ミサキは、自分が縫い上げた白い毛並みのウサギを見つめ、少しだけ寂しそうに目を伏せた。


「僕には、完璧にしか見えないけれど」


「構図が崩れていますし、形も悪いです。もし母がここにいたら、きっと厳しく叱られていたでしょう」


「お母さん……。どんな人だったんだ?」


 ミサキは、遠い記憶をたどるように針を休めた。


「厳しい人でした。刺繍以外にも、踊りや料理……色々教わりましたが、褒められた記憶が一度もありません。何をしても『妃として当然です』と。……それ以外は、許されませんでした」


 彼女の育ってきた、息の詰まるような「完璧」への強要。  アキトは、自分の「偽物」としての重圧と、彼女の「完成品」としての重圧が、どこか似ているような気がして胸が痛んだ。

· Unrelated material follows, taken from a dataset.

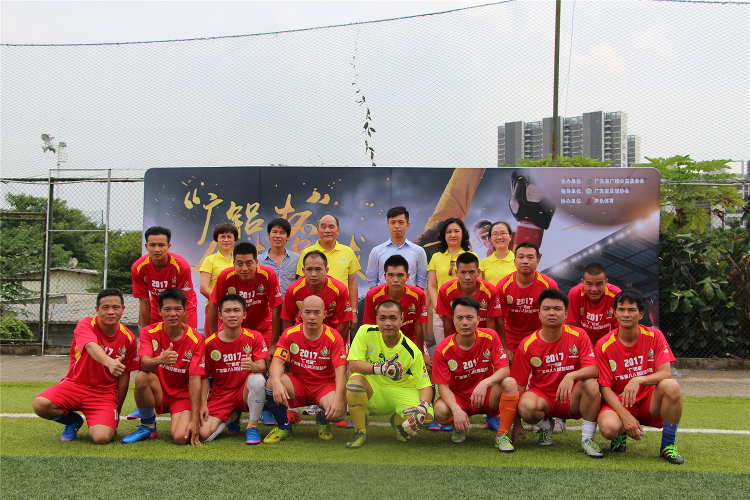 由廣東省足球協(xié)會(huì )擔任賽事指導,廣東省廣鋁公益基金會(huì )獨家冠名贊助并主辦,廣州聲色體育承辦的2017“廣鋁杯”廣東省八人制足球聯(lián)賽開(kāi)球儀式于6月24日在拾號體育公園隆重舉行。

「……料理もするんだな。この宮殿では、いつも料理人がやっているから、想像がつかなかった」


「厨房の方に、少しだけお借りして。……一昨日の晩御飯に、ジャガイモを蒸したものをお出ししたのですが……。あれ、私が作ったのです」


「えっ、あれミサキが?」


アキトの脳裏に、あの素朴な、けれど妙に温かかった味の記憶が蘇る。


「……あの。どうでしたか?」  


ミサキは、叱られるのを待つ子供のような、不安げな瞳でアキトを見上げた。


「美味しかった。……ああ、本当に美味しかったよ」


 アキトがそう告げると、ミサキの顔がぱっと輝いた。それは、教養として身につけた「微笑み」ではない。心の底から溢れ出た、一人の女性としての、純粋な喜び。


「……良かった。本当に、良かったです」


 二人の間に、初めて「将軍」と「妃」という肩書きを介さない、柔らかい空気が流れた。窓の外では相変わらず石炭酸の雨が降っているが、この小さな空間だけは、どこか無菌室のような平穏に満たされていた。

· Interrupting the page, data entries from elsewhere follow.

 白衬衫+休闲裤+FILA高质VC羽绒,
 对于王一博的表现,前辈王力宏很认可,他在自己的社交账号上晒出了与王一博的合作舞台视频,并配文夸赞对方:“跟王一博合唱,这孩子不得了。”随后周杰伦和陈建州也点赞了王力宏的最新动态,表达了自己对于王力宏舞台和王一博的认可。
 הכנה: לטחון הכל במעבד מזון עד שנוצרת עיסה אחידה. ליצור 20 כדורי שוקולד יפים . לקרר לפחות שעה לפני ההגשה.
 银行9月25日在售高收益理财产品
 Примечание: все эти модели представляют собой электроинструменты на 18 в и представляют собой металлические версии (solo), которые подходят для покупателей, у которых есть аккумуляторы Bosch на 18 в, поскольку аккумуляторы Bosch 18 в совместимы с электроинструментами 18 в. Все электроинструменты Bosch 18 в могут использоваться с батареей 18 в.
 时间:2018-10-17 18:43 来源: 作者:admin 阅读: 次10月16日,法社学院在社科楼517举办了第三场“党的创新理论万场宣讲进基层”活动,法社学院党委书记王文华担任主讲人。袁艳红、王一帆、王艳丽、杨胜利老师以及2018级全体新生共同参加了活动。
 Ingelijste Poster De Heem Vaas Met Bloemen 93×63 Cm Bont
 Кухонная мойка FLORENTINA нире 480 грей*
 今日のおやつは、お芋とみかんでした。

「……その、すみません。私のつまらない話で、貴重な時間を。……私、普段あまり人と話すことがないものですから」


 ミサキは我に返ったように、慌てて視線を刺繍に戻した。


「いいんだ。……その、僕の方こそ、君とちゃんと話せていなかったから。……ごめん」


 アキトがそう言うと、ミサキはにっこりと、今度は確かな温もりを持って微笑んだ。そして、再び

静かに刺繍に取り組み始める。


 アキトは再び、ベッドの上の『偉大なる将軍家』の歴史書を手に取った。  


外の世界では疫病と飢饉が広がる。今この瞬間にも国は存続のためと正当化をし、憎悪の種を撒き散らしている。そしてリョウカ、ミオ、サラ。彼女らは人の命を奪うことになんら躊躇がない。死が日常に溶け込む西ルガンの血生臭い現実は、すべて悪い夢だったのではないか。  


 アキトは、このゆっくりと流れる「偽物の日常」を、もう少しだけ、幻だと知りながら楽しもうとしていた。